The Quietus - A new rock music and pop culture website

Reviews

The Feelies
Crazy Rhythms & The Good Earth (reissues) Steve Jelbert , October 29th, 2009 09:48

Glenn Mercer and Bill Million’s brilliant Feelies have long been unfairly overlooked in histories of New York’s punk and new wave era. Expressing neurosis where the similarly influenced Jonathan Richman had indulged in infantilism, the New Jersey natives played up the suburban weirdness to the extent that crack drummer Anton Fier was renamed ‘Andy Fisher’ and bassist Keith DeNunzio became Keith Clayton (weirdly, Million’s real surname) while the famous four-geek sleeve photo of Crazy Rhythms, their 1980 debut, certainly appealed to Weezer.

It still sounds great too. There are so many highlights here, such as the woozy guitar scales, nearer to a fairground organ, that whisk the pretty, unresolved ‘Loveless Love’ away and Mercer’s terrifically pretty yet harsh solos that punctuate the mysterious ‘Moscow Nights’. Their virtual theme tune ‘The Boy With The Perpetual Nervousness’, a two-chord itch that can’t quite be scratched, is as onomatopoeic as rock music gets.
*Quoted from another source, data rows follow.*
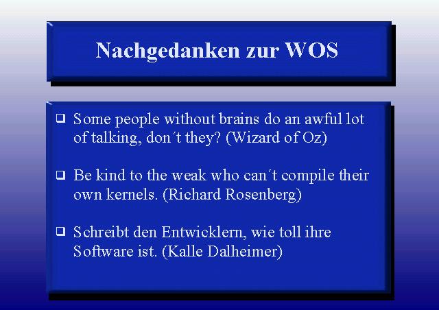 Im amerikanischen Umfeld, das weitaus heftiger auf Open Source-Ideen reagiert, ließ IBM die Vertreter der sechs größten Linux-Distributionen zum Testimonial antereten. Von Caldera bis TurboLinux wiederholte jeder brav und artig, wie toll es ist, in diesem aufregenden Markt mit IBM arbeiten zu dürfen. Von Linuxgrüven keine Spur. Das hatte die Wizards of OS reichlich zu bieten.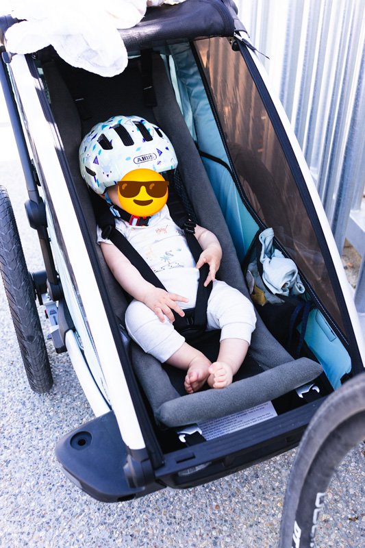 Petite anecdote, un jour nous nous faisons doubler par quelques cyclistes, à 15km/.h ce n’est pas rare, puis ils regardent dans la remorque, et s’étonnent que ce soit un vrai bébé, et pas un chien.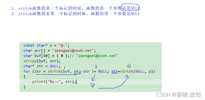 ♦strtok函数找到str中的下一个标记,并将其用 \0 结尾,返回一个指向这个标记的指针。(注: strtok函数会改变被操作的字符串,所以在使用strtok函数切分的字符串一般都是临时拷贝的内容 并且可修改。)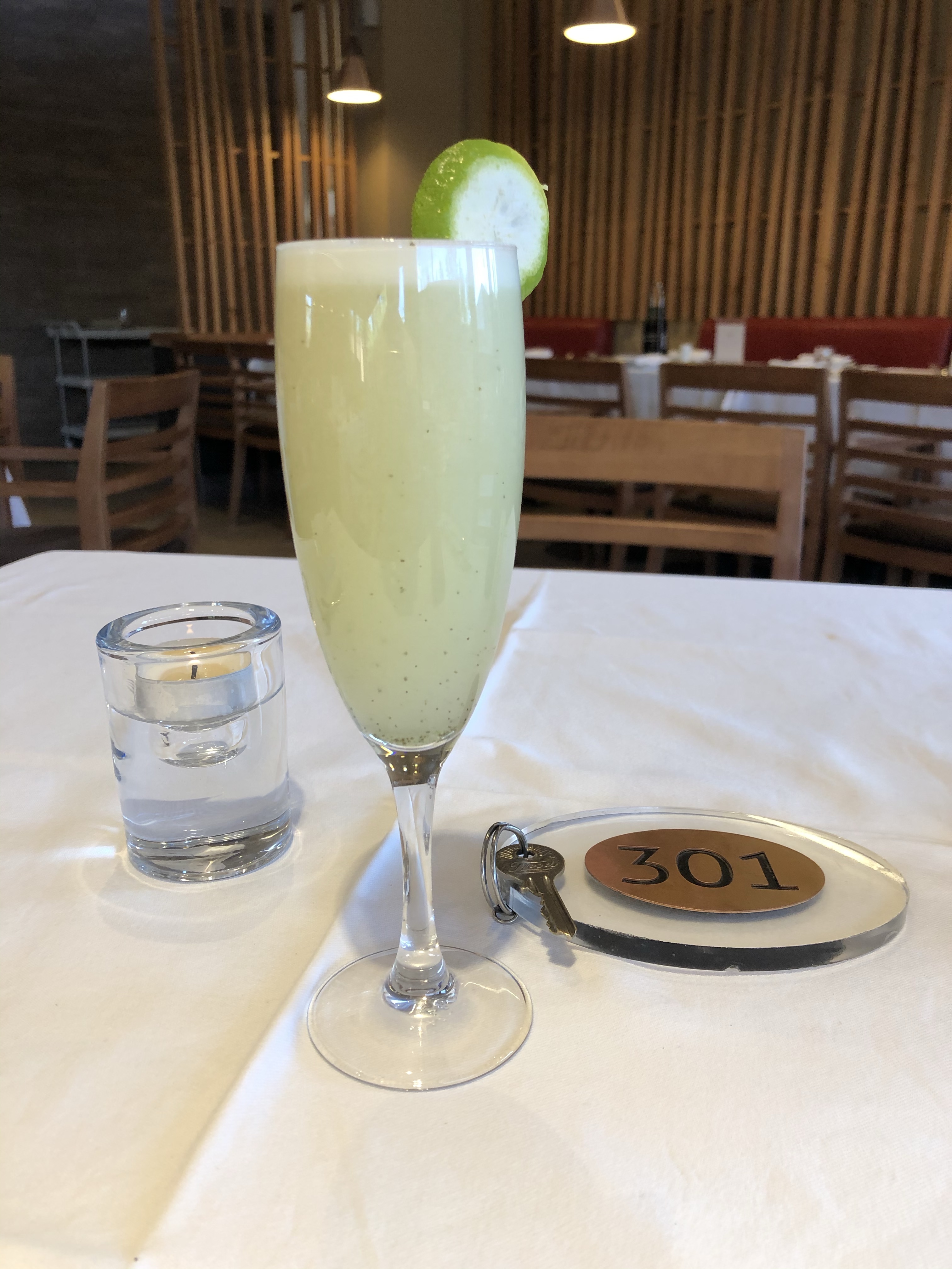 Gathering everything up, I returned to my room to get ready for an early dinner. I had abstained from having lunch and was now ready to eat a scabby horse! I still had my complimentary drinks voucher and intended to use it – my last night 😥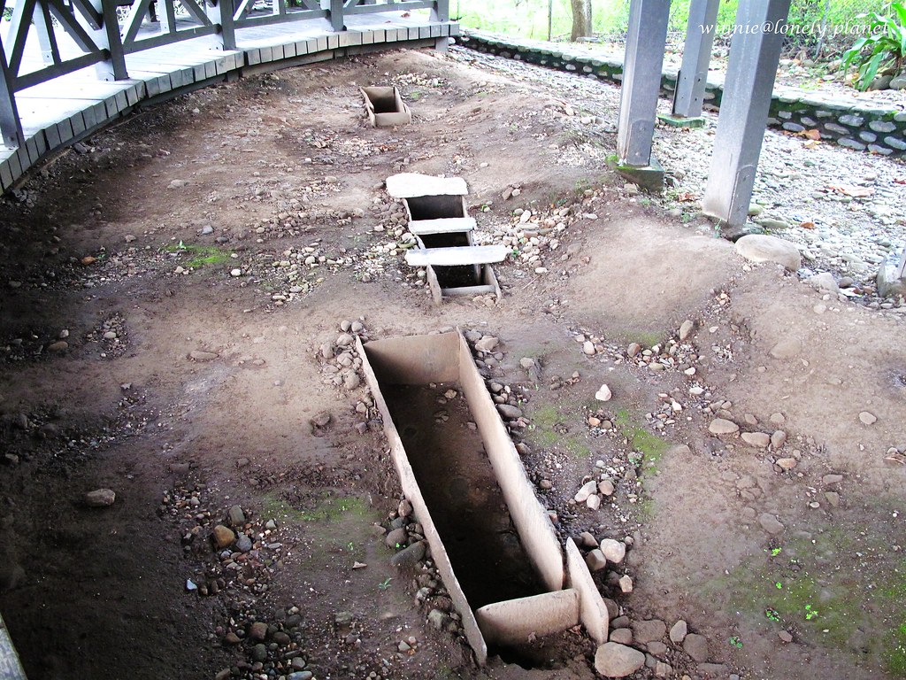 瞭望台下方有3座仿製當時建造瞭望台發現的石板棺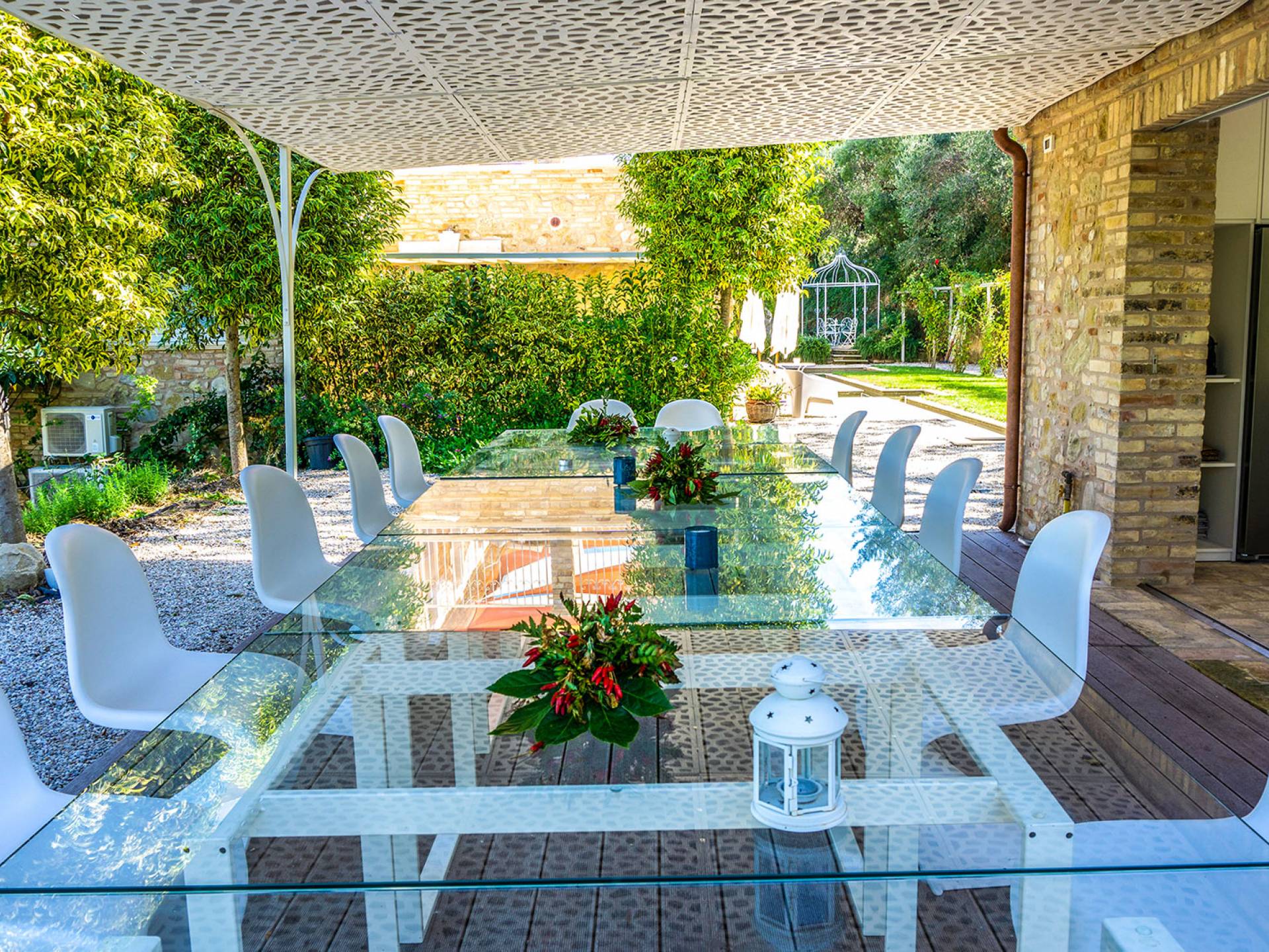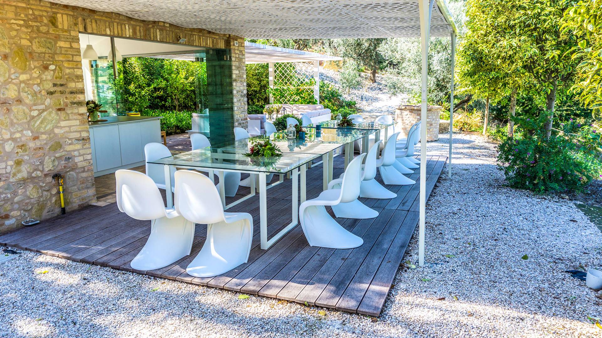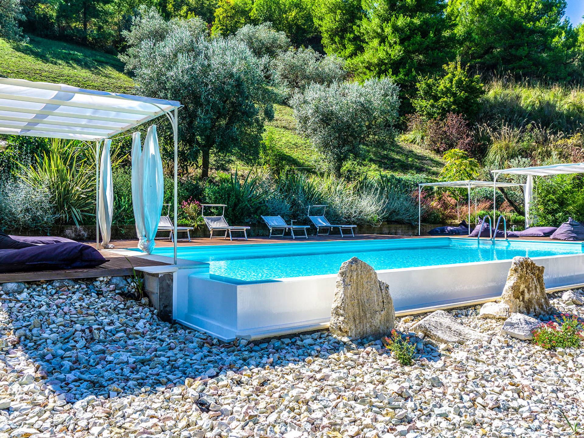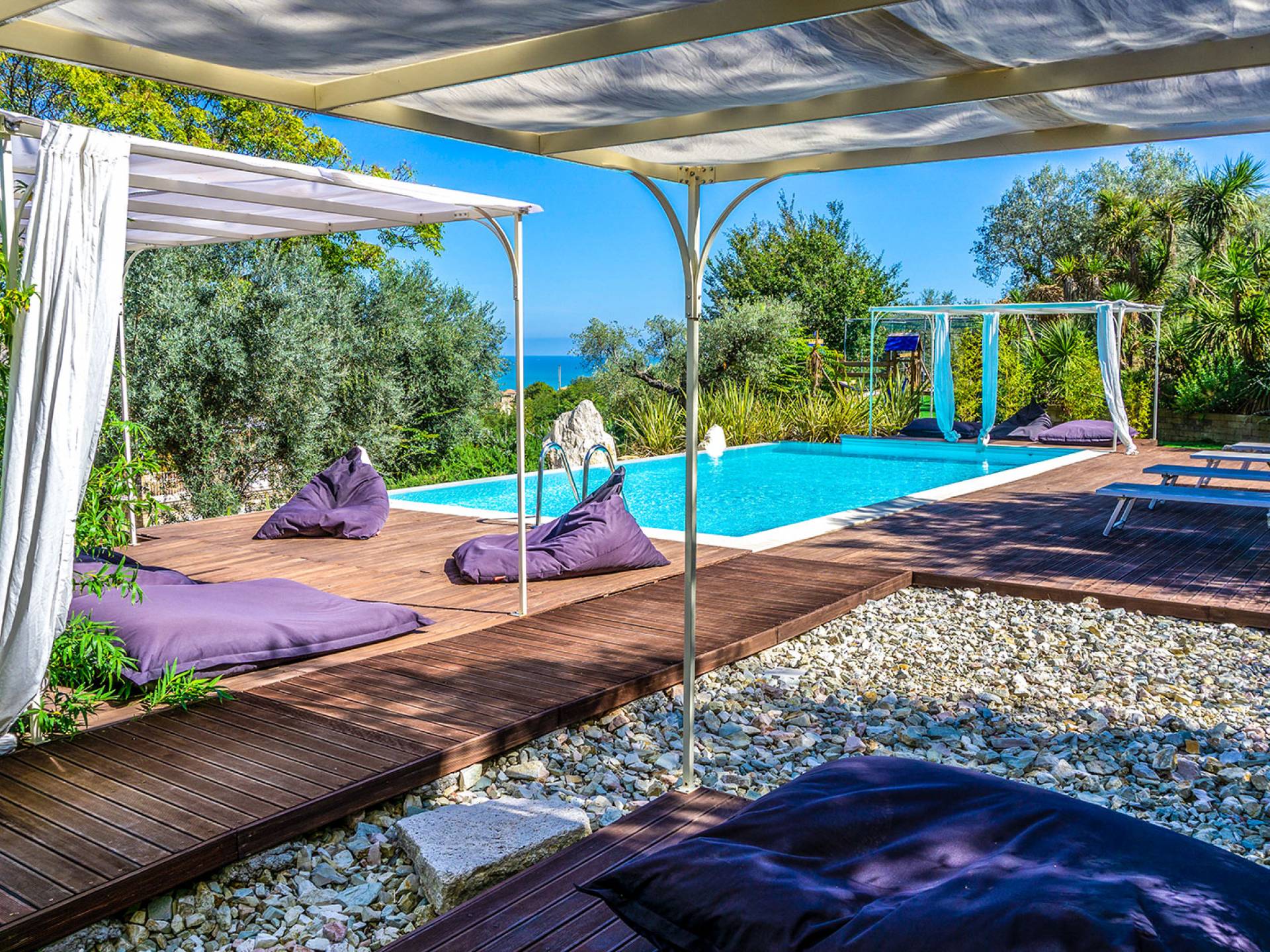 of wood in what, as a final result, is a great mix between modern and ancient. Outside, very suggestive, even the fountain – amazing to see it light up at night – which is almost the futuristic re-creation of an ancient ditch to defend the sumptuous property. The large garden is the ideal place to read a book, have a drink, take a walk, or drive into real sunbaths or in the enchanting pool overlooking the sea. All around, in the large wooden walkway, you can stretch out on the comfortable deck chairs able to accommodate the many guests who will surely find the residence of their dreams at Villa Picena.

The original Rough Trade single version of ‘Fa Ce La’ was certainly punchier than the album take, but punch was never the Feelies’ forte. These songs are always moving, skittish yet precise. The Beatles’ 'Everybody’s Got Something To Hide Except Me and My Monkey’ is a perfect choice of cover, yet their complex and layered percussion is way ahead of Ringo’s cowbell. Too idiosyncratic even for notoriously quirky British indie Stiff, this clever, haunting record went from undeserved flop to cult classic.

The Good Earth, co-produced by the not-yet-a-superstar Peter Buck, appeared a full six years later and is far less strident, its muffled repetition and prominent piano lines pitching it somewhere between the Velvets and the Band, neatly covering the urban/rustic divide and making it certain to appeal to those taken by the opacity of REM’s early offerings. Yet the stinging single-note lead guitar punctuating opener ‘On The Roof’ could only be Glenn Mercer, while the lovely, distinctly country inflected ‘The High Road’ is as relaxed as the previous record was not. The subtle drones of ‘Slipping (Into Something)’, as measured a piece of neo-psychedelia as ever recorded, are equally exploratory, while the less successful ‘Tomorrow Today’ is almost epic, martial drumbeats and multi-tracked guitars juxtaposed with Mercer’s barely audible vocals. Already you can hear them slipping away from the mainstream, even as Buck’s boys went over the top.

Even these editions retain their integrity, unpadded and concise, the handful of bonus tracks for download only. Thanks to Domino then for two more welcome reissues (except from me, now stuck with a pair of suddenly unrare originals, dagnamit).